A small LED display in the middle of the Scrooser handlebars shows your speed, driving mode, and battery life. Street-legal versions have a mirror, LED front light, and a red rear brake light. The Scrooser is equipped with three forms of security: a digital key tag, an engine immobilizer, and an anti-theft lock. The scooter by itself, without battery, weighs 123 pounds.
When you order a Scrooser, you indicate if it will be set up for street-legal use or not and which power configuration you want. The less powerful street legal configuration, the one with a 12.4 mph top speed, doesn’t require driver helmet use in Germany. The Scrooser has hydraulic front and mechanical rear disc brakes. There are two Scrooser models, the basic Pure model that sells for $5,116, and a fancier Prime version with upgraded trim and a $5,413 price tag.

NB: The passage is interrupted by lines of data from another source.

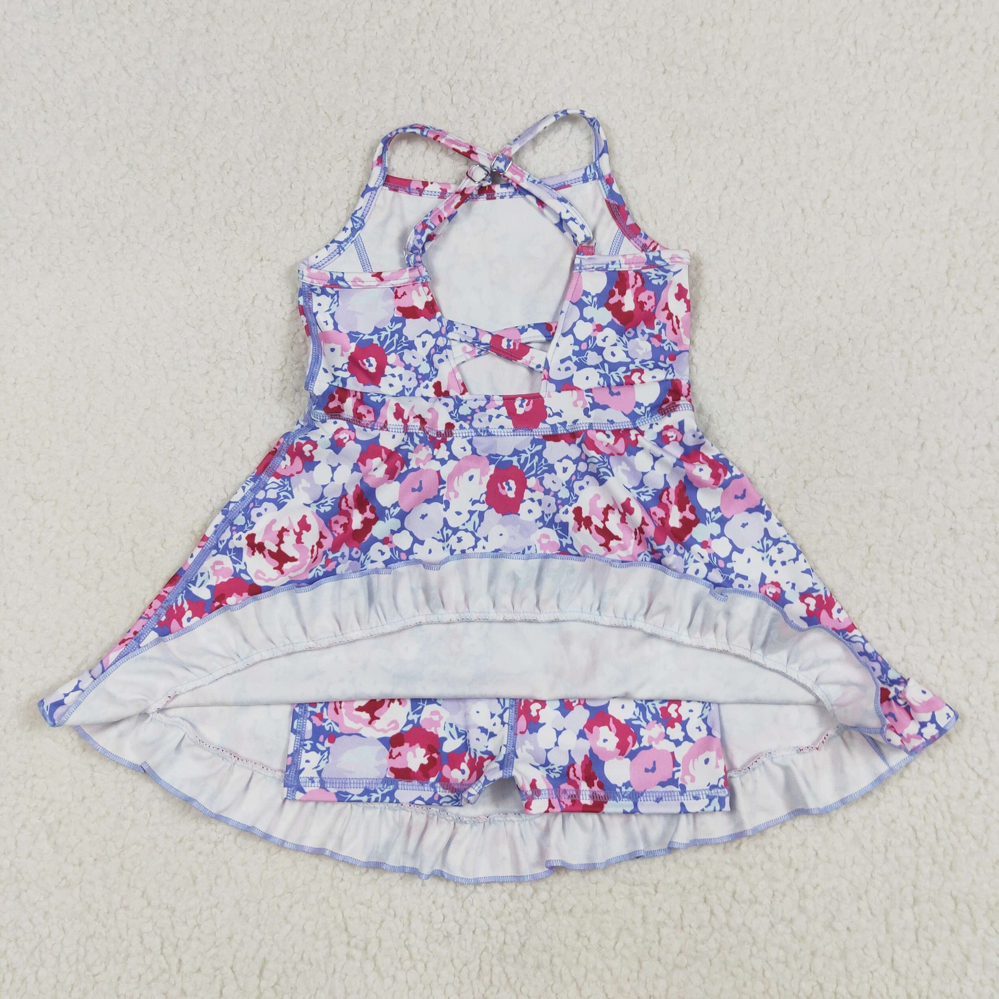 GSD2285 Pink Purple Flower Ruffle Sleeveless Halter Yoga Dress Girls Boutique Clothes 202506 RTS
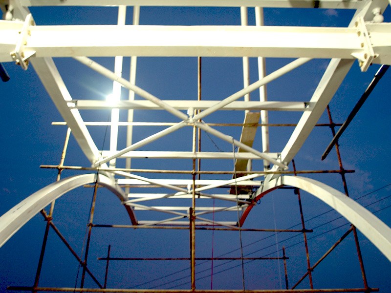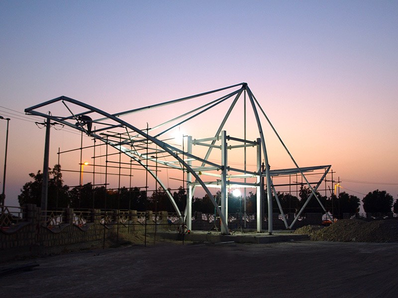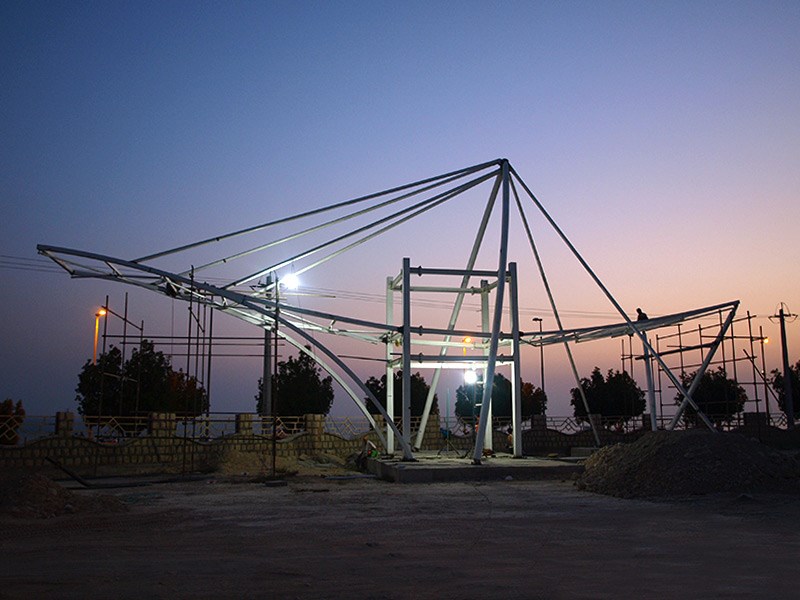 سیستم سازهای این سردر ترکیبی از المانهای پیچی و جوشی میباشد که استفاده از خمکاری در پروفیلهای لوله و قوطی نرمی و لطافت بیشتری به فرم معماری سازه داده و طرح اجرا شده را با اتود اولیه معماری نزدیکتر نموده است. اتصالات این سازه، چه اتصال راس و چه اتصالات المانهای عرشه همگی برای این موضوع خاص ابداع و طراحیشدهاند.
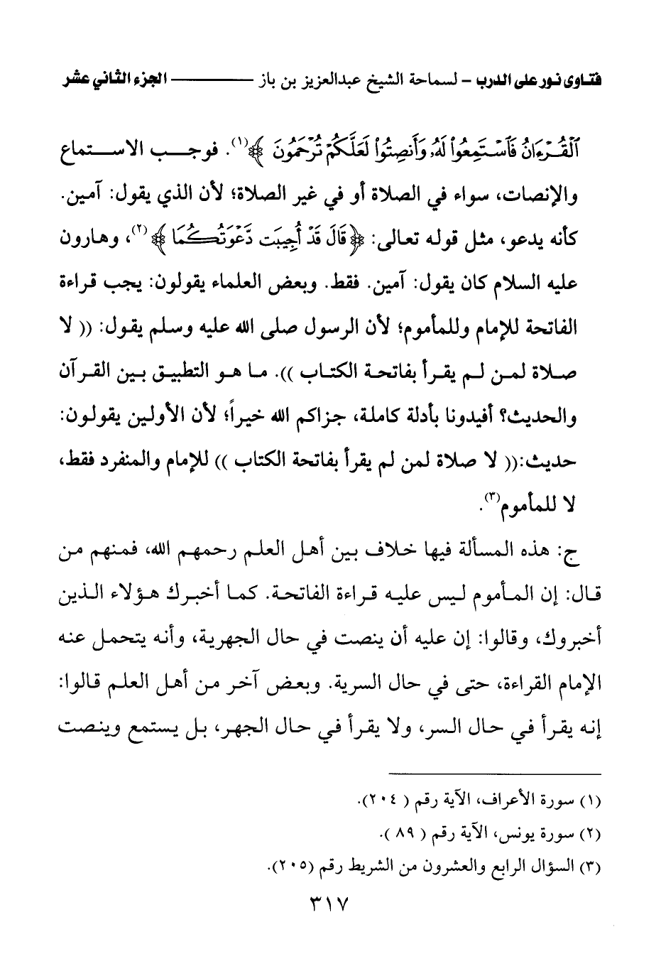 فوجب الاستماع والإنصات، سواء في الصلاة أو في غير الصلاة؛ لأن الذي يقول: آمين. كأنه يدعو، مثل قوله تعالى: {قَالَ قَدْ أُجِيبَتْ دَعْوَتُكُمَا} (¬1)، وهارون عليه السلام كان يقول: آمين. فقط. وبعض العلماء يقولون: يجب قراءة الفاتحة للإمام وللمأموم؛ لأن الرسول صلى الله عليه وسلم يقول: «لا صلاة لمن لم يقرأ بفاتحة الكتاب (¬2)». ما هو التطبيق بين القرآن والحديث؟ أفيدونا بأدلة كاملة، جزاكم الله خيرا؛ لأن الأولين يقولون: حديث: «لا صلاة لمن لم يقرأ بفاتحة الكتاب (¬3)» للإمام والمنفرد فقط، لا للمأموم (¬4)

The Scrooser looks like a lot of fun but probably isn’t practical if what you really want is a scooter for non-highway commuting. For that purpose, you can buy a U.S. street-legal Vespa Primavera 150 with a 60 mph top speed for about the same price as a Scrooser Pure or a 40-mph max Vespa Primavera 50 for $3,800. Honda Metropolitans start at about $2,500.
While users may not buy a Scrooser to save money, it is zero-emission, quiet, and deceptively versatile under its very cool minimalist exterior.